2. Background of the Related Art
Generally, digital video technology is used in various fields, such as computers and home appliances, as well as in communications technology, such as video conferencing and video telephones. Particularly, various apparatuses for recording and reproducing digital video signals, such as digital video cassette recorders and digital video cassettes, adopt MPEG standards of media (such as MPEG-2) for storing digital video signals.
The MPEG standards provide for the transmission of digital information by dividing digital data into packets forming data bit streams, which are multiplexed onto a single data channel.

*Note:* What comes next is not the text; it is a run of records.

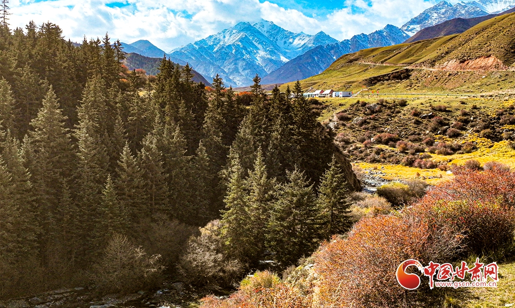 10月9日,在祁連山國家公園甘肅省張掖市肅南裕固族自治縣大河鄉段,一幅秋日畫卷在藍天白云的映襯下徐徐展開。這里,雪山、森林、草原、濕地、峽谷、河流等多種自然景觀交相輝映,美不勝收。
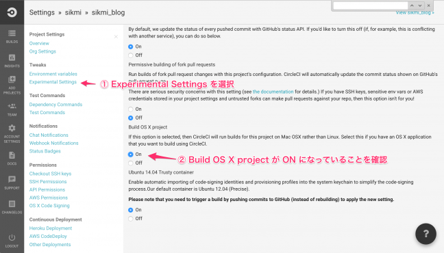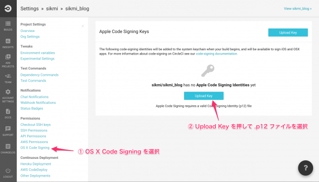 CircleCI の Project Setting ページを開き、 Permissions > OS X Code Signing を選択して、.p12 ファイルをアップロードします。 この時、.p12ファイルのファイル名に全角文字が含まれるとエラーになるので注意して下さい。
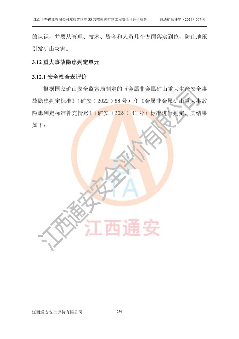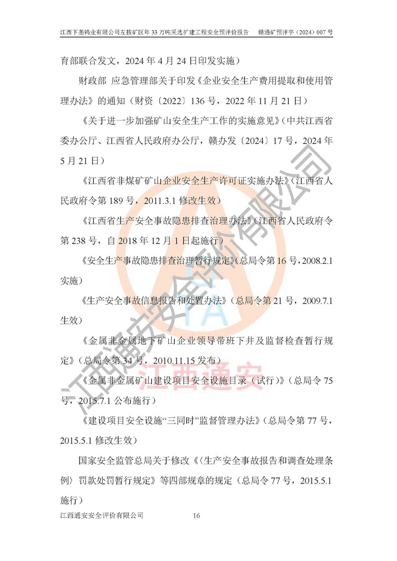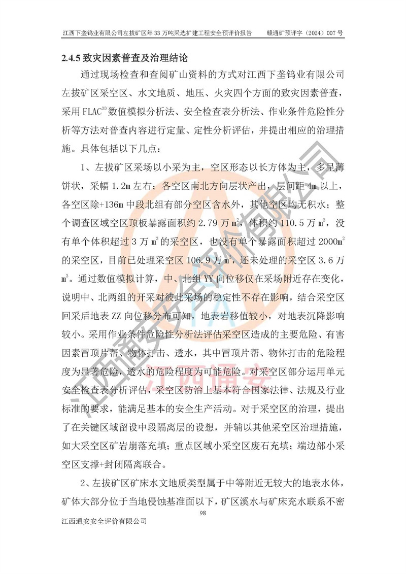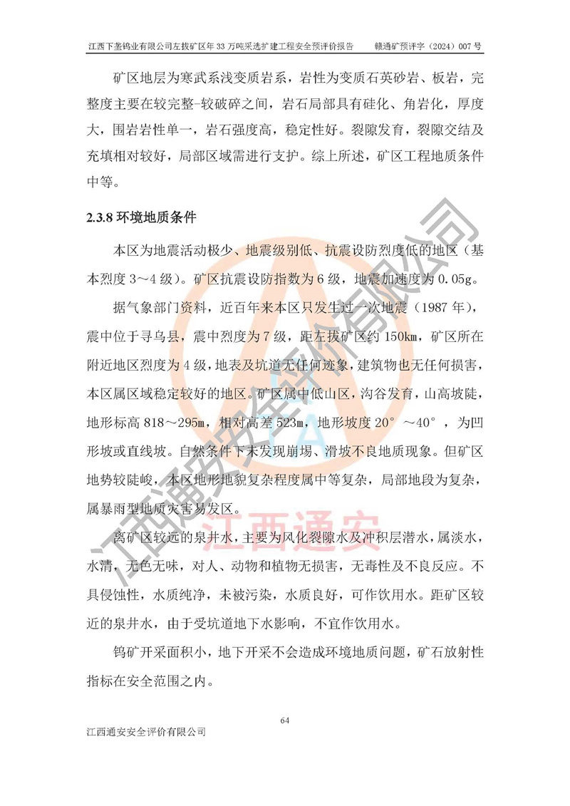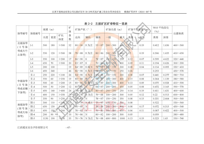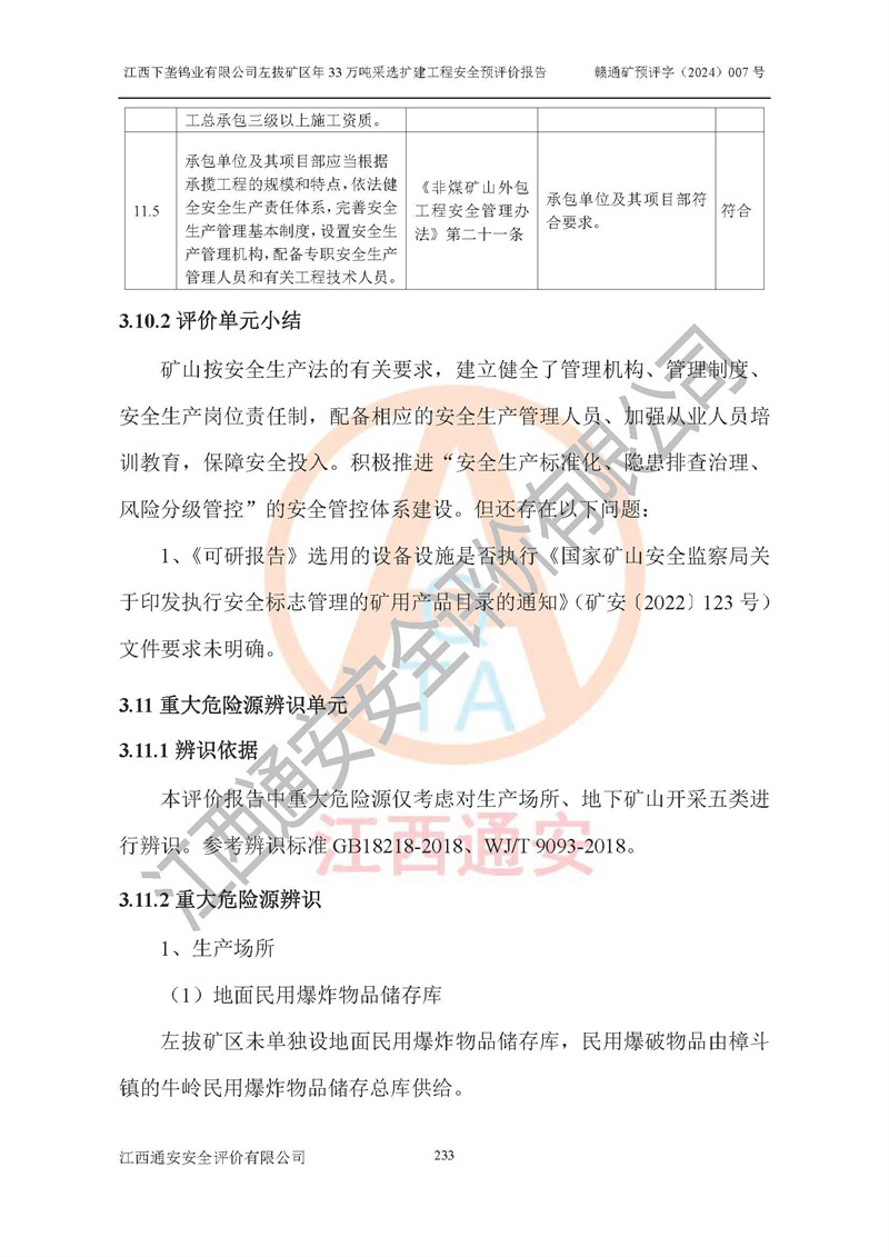 項(xiàng)目名稱 | 江西下壟鎢業(yè)有限公司左拔礦區(qū)年33萬噸采選擴(kuò)建工程項(xiàng)目安全預(yù)評(píng)價(jià)報(bào)告 | ||||

One standard for the multiplexing of bit streams from several audio, video, and/or auxiliary data sources has been developed by the ISO MPEG and set forth in draft form in a document entitled, “Coding of Moving Pictures and Associated Audio” (ISO/IEC JTC1/SC29/WG11N 0801, published on Nov. 13, 1994, by the ISO/IEC Copyright Office, Geneva, Switzerland, hereby incorporated by reference).

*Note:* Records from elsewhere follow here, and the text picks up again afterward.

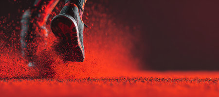 A runner's foot captured in a dynamic push-off moment on a red track surface, showcasing motion and speed. The cinematic photography highlights the energy and intensity of athletic performance.
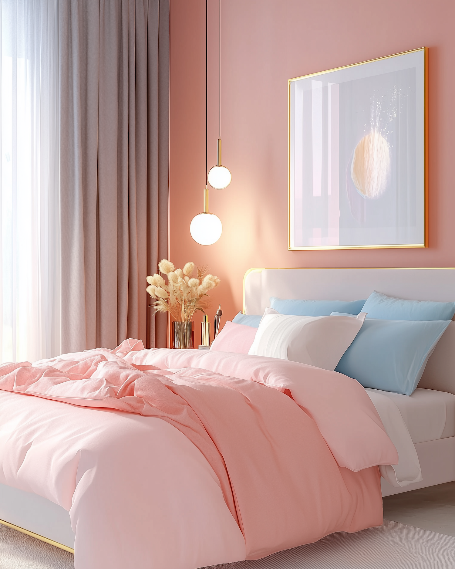 Soft pastel bedroom with pink bedding, blue pillows, pendant lights, and pampas grass decor for a cozy, modern vibe.
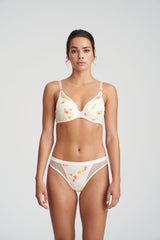 Are you looking for a preformed bra with a fresh, summery look? Then this padded bra with colorful embroidery is for you. The sleek trim on the cups contrasts beautifully with the opulent embroidery. Fresh embroidery in bright summer colors against delicate white: That's Geisha in a nutshell.
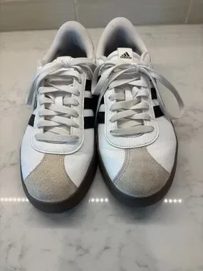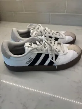 Classic adidas low-top sneakers with white leather upper. Black three-stripe branding on sides. Gum-colored rubber outsole for grip. Padded collar and lace-up closure for comfort.
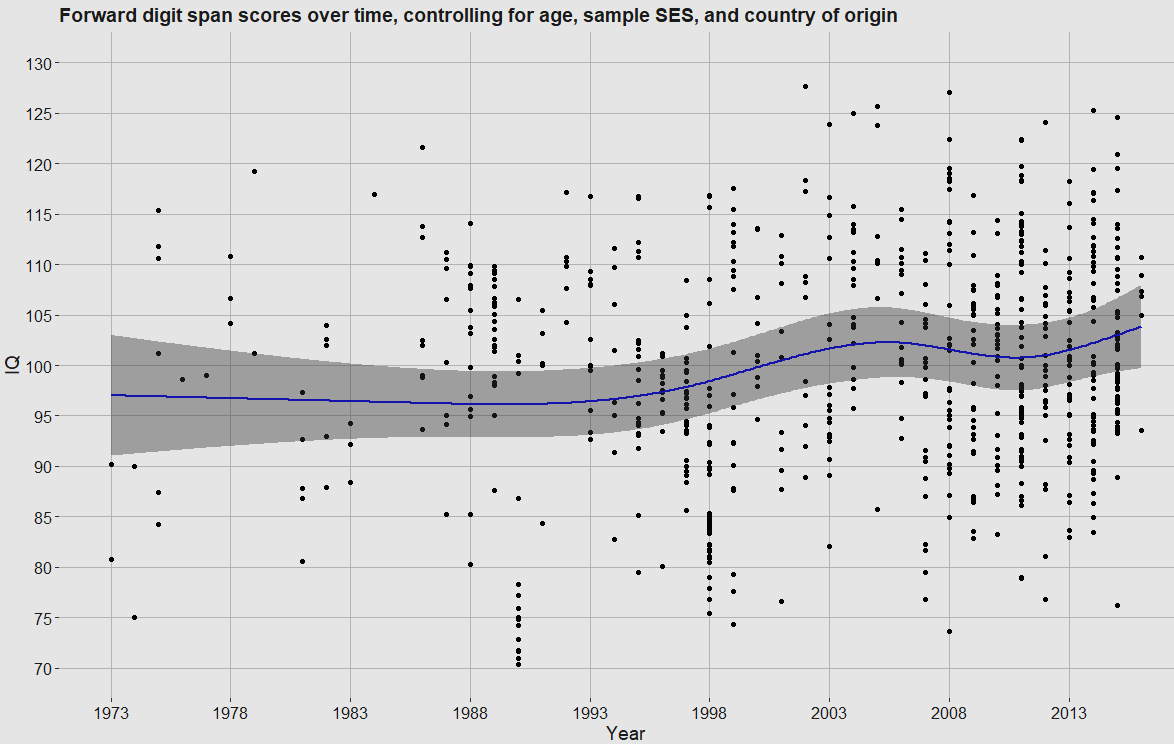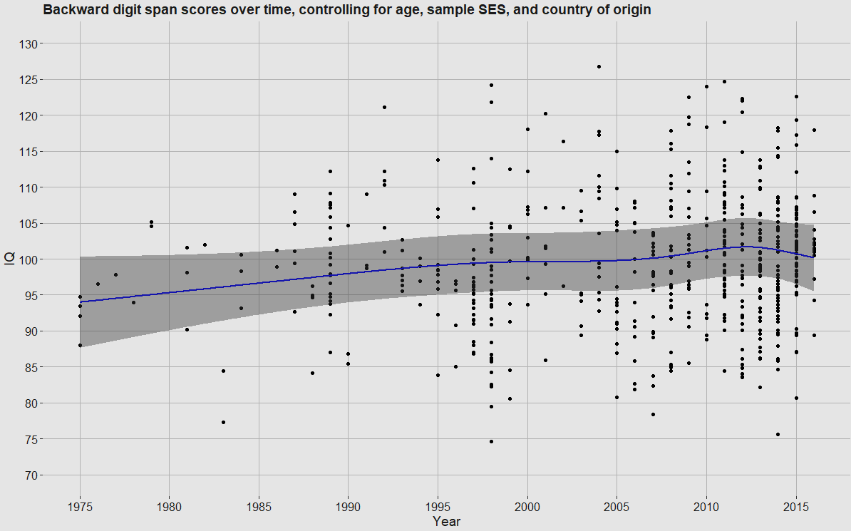 Fitting a spline to the data and controlling for age/SES/country3 suggested that backward digit span has increased by about 5.5 IQ points (41 x 0.13518) over the 1975 - 2016 time period. The effect was statistically significant4, but not to an impressive degree (p = .0063).

Appropriate encoding and decoding are required to ensure proper transmission and reproduction of digital data. When a digital signal is encoded into data packets for transmission as system bit streams, clock reference values which represent values of an encoder counter clocked by a stable clock having a frequency that is proportional to the sampling frequency of the digital signal to be transmitted, are encoded together with the digital signal. Upon receiving digital signals, decoding of the data packets in the digital signal needs to be performed by producing a decoder clock using the clock reference values contained in the data packets. Using a clock recovery system in an MPEG decoder minimizes the differences between an encoder clock and a decoder clock so that the decoder clock is maintained at approximately the same frequency as the encoder clock, allowing proper presentation of digital signals.
According to the MPEG-2 standards, a system bit stream includes a program stream and a transport stream. The program stream is comprised of elementary streams for respective bit columns of video data, audio data and user data. The elementary streams are packeted in Packetized Elementary Streams (PES). Program streams are used in optical discs and multimedia applications having relatively small error rates. Transport streams are used for media, such as broadcasting media, having relatively large error rates.
To decode a system bit stream, an MPEG-2 decoder includes a transport stream decoder and a program stream decoder. A Program Clock Reference (PCR) is used for the transport stream decoder, while a System Clock Reference (SCR) is used for the program stream decoder. The PCR and SCR are used for clock synchronization of a decoder and an input bit stream, and for Presentation Synchronization (PS) of audio and video data. Although the PCR and the SCR are respectively used for different decoders, they have the same function. As such, only the clock timing synchronization aspects of a transport stream decoder using the PCR values in a transport stream will be explained for the sake of brevity.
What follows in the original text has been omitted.